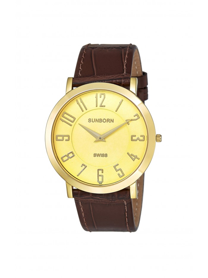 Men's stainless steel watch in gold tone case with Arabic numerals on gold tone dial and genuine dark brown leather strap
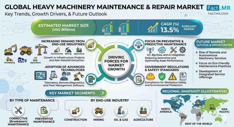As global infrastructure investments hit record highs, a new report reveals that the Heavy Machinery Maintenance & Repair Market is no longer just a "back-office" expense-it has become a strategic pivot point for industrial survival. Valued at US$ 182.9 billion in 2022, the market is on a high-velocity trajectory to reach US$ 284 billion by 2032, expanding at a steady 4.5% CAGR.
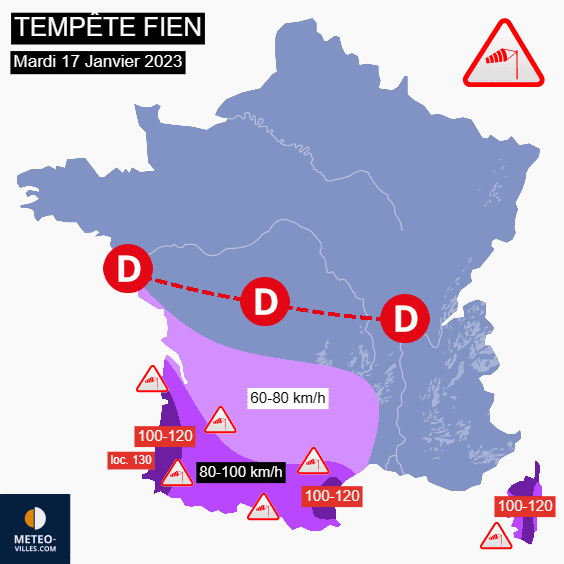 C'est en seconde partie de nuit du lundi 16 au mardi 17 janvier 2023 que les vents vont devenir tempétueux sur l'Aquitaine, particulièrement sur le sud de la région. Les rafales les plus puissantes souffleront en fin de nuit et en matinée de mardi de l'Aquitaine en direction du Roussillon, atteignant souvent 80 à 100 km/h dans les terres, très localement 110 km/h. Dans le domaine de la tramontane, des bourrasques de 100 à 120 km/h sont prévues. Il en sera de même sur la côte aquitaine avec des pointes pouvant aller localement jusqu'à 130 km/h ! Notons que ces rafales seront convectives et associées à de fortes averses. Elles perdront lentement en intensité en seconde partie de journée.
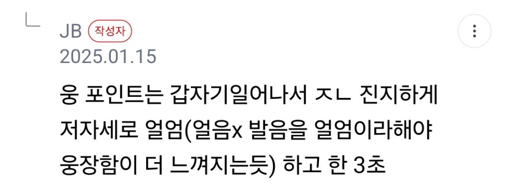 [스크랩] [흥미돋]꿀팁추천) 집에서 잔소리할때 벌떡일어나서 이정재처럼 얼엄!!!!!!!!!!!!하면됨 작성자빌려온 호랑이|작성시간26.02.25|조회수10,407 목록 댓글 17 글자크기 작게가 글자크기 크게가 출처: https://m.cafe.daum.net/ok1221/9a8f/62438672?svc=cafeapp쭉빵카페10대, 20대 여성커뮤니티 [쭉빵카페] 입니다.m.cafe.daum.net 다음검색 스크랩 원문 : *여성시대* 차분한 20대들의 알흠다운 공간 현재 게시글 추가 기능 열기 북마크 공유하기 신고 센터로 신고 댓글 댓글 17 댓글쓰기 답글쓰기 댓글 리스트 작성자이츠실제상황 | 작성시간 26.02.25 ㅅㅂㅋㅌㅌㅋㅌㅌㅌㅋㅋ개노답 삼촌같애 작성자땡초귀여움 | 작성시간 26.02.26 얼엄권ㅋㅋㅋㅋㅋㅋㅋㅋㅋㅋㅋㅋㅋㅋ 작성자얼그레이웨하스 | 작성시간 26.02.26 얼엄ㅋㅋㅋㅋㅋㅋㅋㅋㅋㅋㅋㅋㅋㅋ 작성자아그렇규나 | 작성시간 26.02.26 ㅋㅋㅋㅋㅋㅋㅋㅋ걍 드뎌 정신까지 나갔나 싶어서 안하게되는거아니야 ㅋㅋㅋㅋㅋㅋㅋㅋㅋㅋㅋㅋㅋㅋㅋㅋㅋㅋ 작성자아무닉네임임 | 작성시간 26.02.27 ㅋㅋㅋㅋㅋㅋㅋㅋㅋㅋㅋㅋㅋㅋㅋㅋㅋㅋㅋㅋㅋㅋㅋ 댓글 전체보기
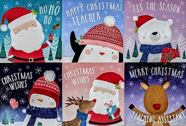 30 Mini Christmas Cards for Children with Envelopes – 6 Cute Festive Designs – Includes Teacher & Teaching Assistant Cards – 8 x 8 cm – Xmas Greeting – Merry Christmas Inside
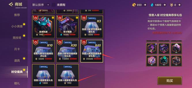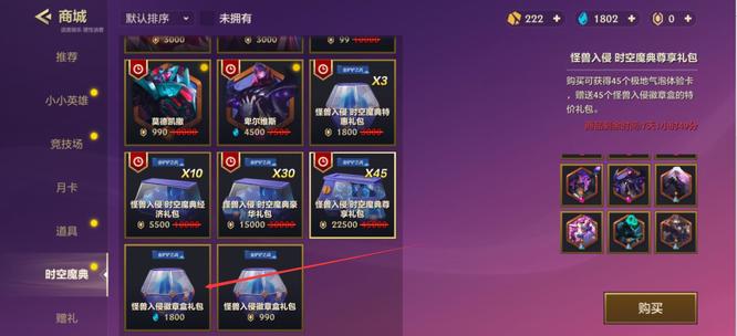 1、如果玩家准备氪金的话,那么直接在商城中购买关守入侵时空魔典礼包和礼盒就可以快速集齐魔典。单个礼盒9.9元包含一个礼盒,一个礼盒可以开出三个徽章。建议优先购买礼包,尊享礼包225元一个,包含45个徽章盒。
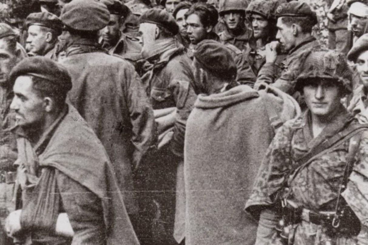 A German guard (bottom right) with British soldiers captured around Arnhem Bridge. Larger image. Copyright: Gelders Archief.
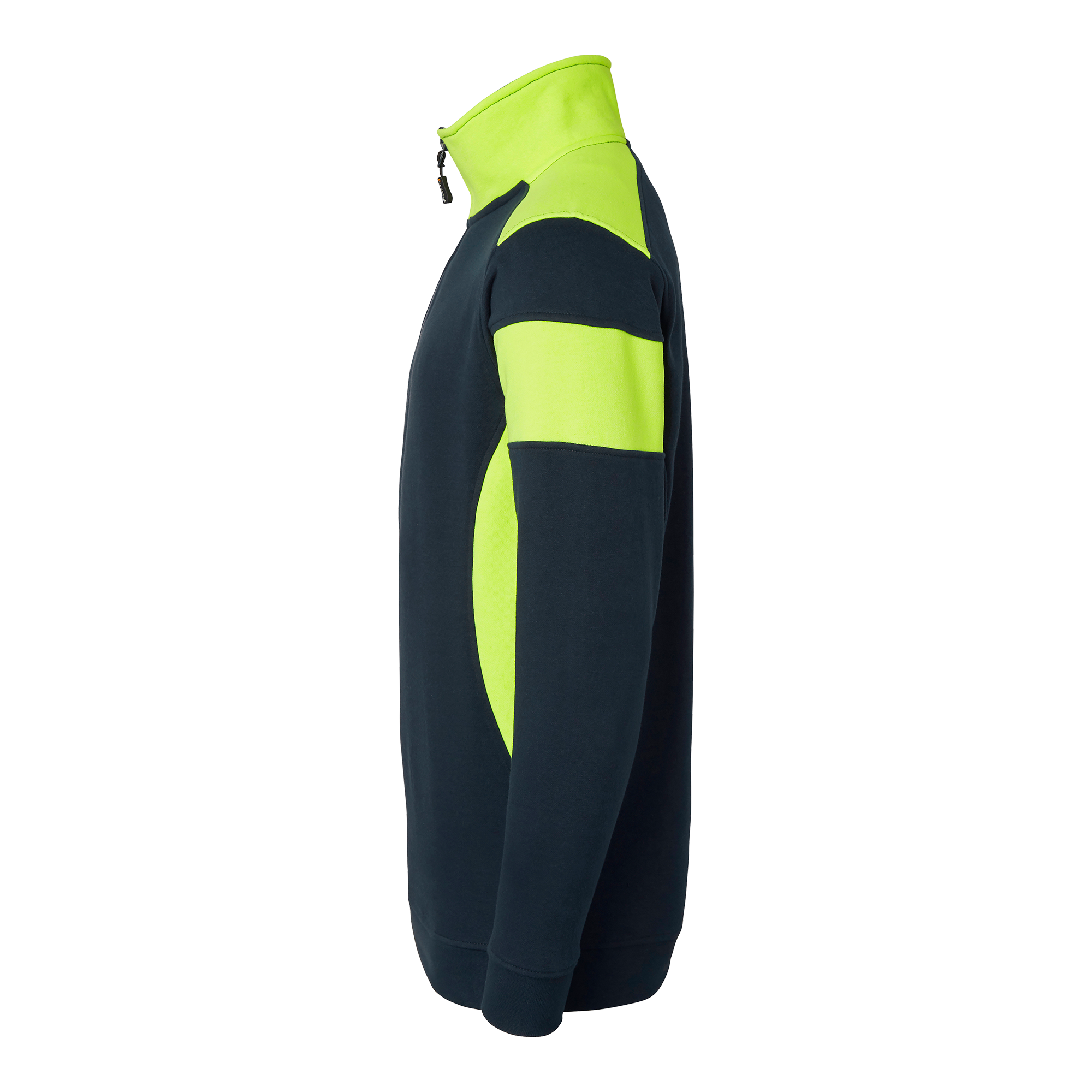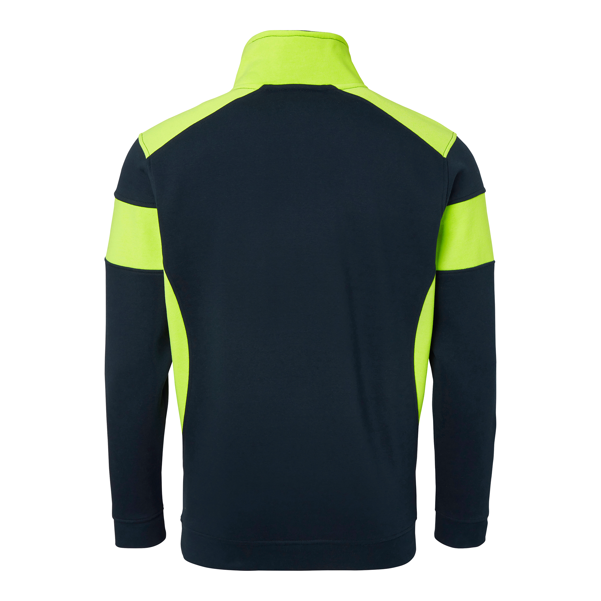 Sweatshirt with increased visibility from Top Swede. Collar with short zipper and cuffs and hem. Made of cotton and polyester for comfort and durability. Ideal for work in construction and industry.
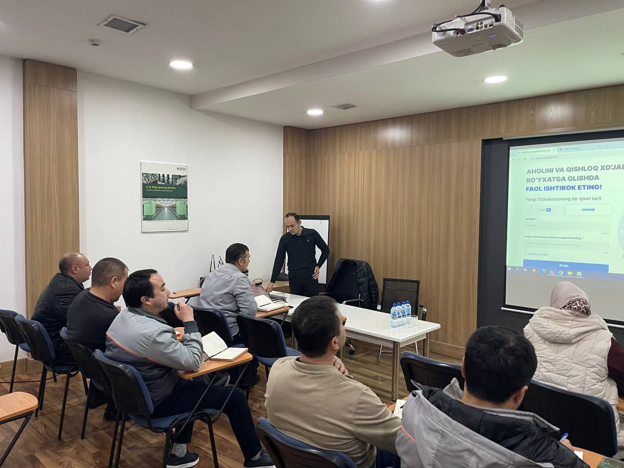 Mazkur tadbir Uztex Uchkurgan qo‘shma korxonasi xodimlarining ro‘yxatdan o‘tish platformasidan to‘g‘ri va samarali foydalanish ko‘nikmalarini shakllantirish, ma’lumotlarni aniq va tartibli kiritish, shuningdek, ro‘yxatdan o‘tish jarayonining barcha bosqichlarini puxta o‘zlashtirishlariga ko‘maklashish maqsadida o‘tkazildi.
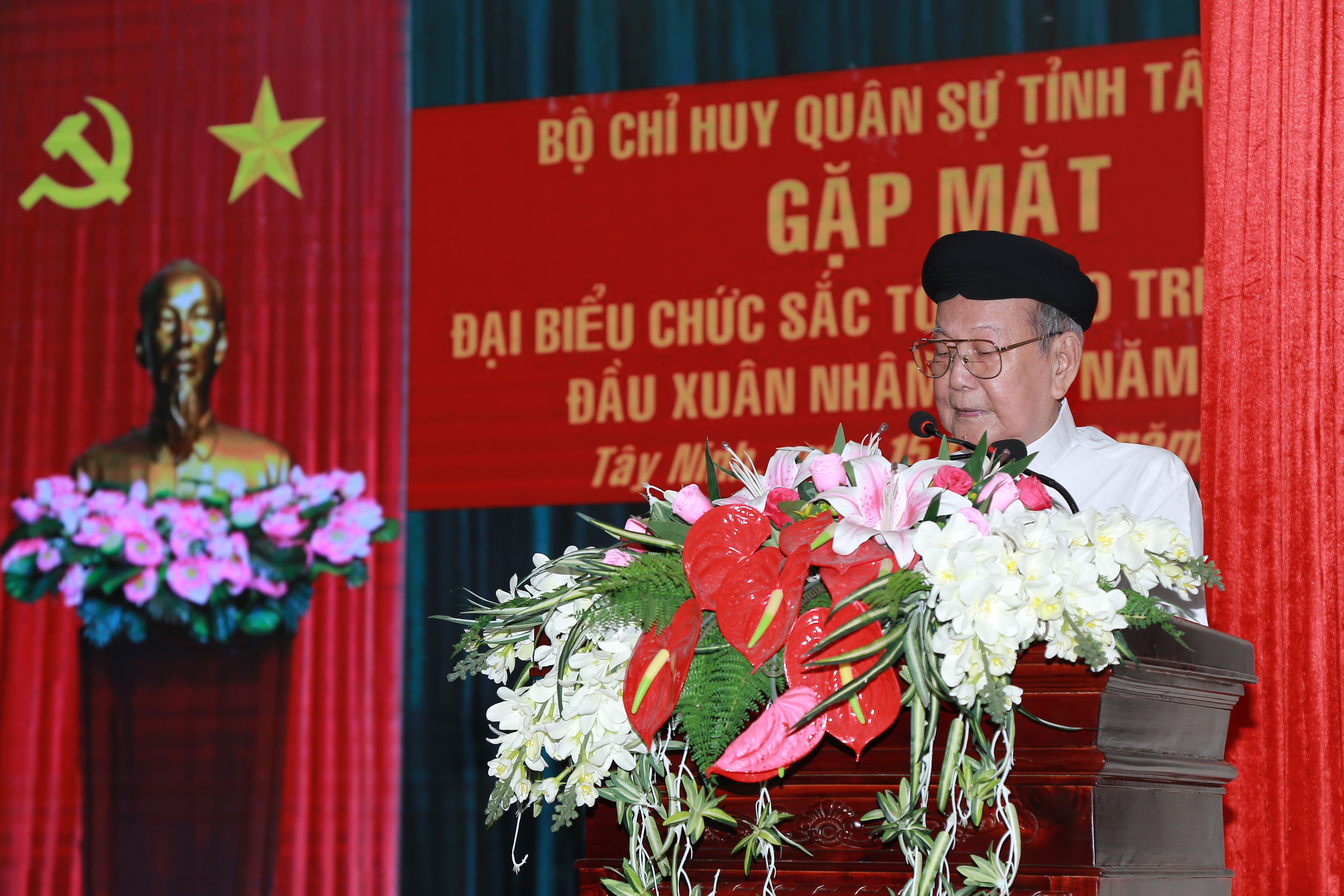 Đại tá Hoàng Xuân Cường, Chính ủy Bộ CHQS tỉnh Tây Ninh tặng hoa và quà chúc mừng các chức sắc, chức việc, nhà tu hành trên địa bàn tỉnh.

+===+

## Requirement
Pictures are not part of the copy. Extract exactly the lines from the line containing "Mazkur tadbir Uztex" through the final line of the entries above, both included.

## Finished task
 Mazkur tadbir Uztex Uchkurgan qo‘shma korxonasi xodimlarining ro‘yxatdan o‘tish platformasidan to‘g‘ri va samarali foydalanish ko‘nikmalarini shakllantirish, ma’lumotlarni aniq va tartibli kiritish, shuningdek, ro‘yxatdan o‘tish jarayonining barcha bosqichlarini puxta o‘zlashtirishlariga ko‘maklashish maqsadida o‘tkazildi.
 Đại tá Hoàng Xuân Cường, Chính ủy Bộ CHQS tỉnh Tây Ninh tặng hoa và quà chúc mừng các chức sắc, chức việc, nhà tu hành trên địa bàn tỉnh.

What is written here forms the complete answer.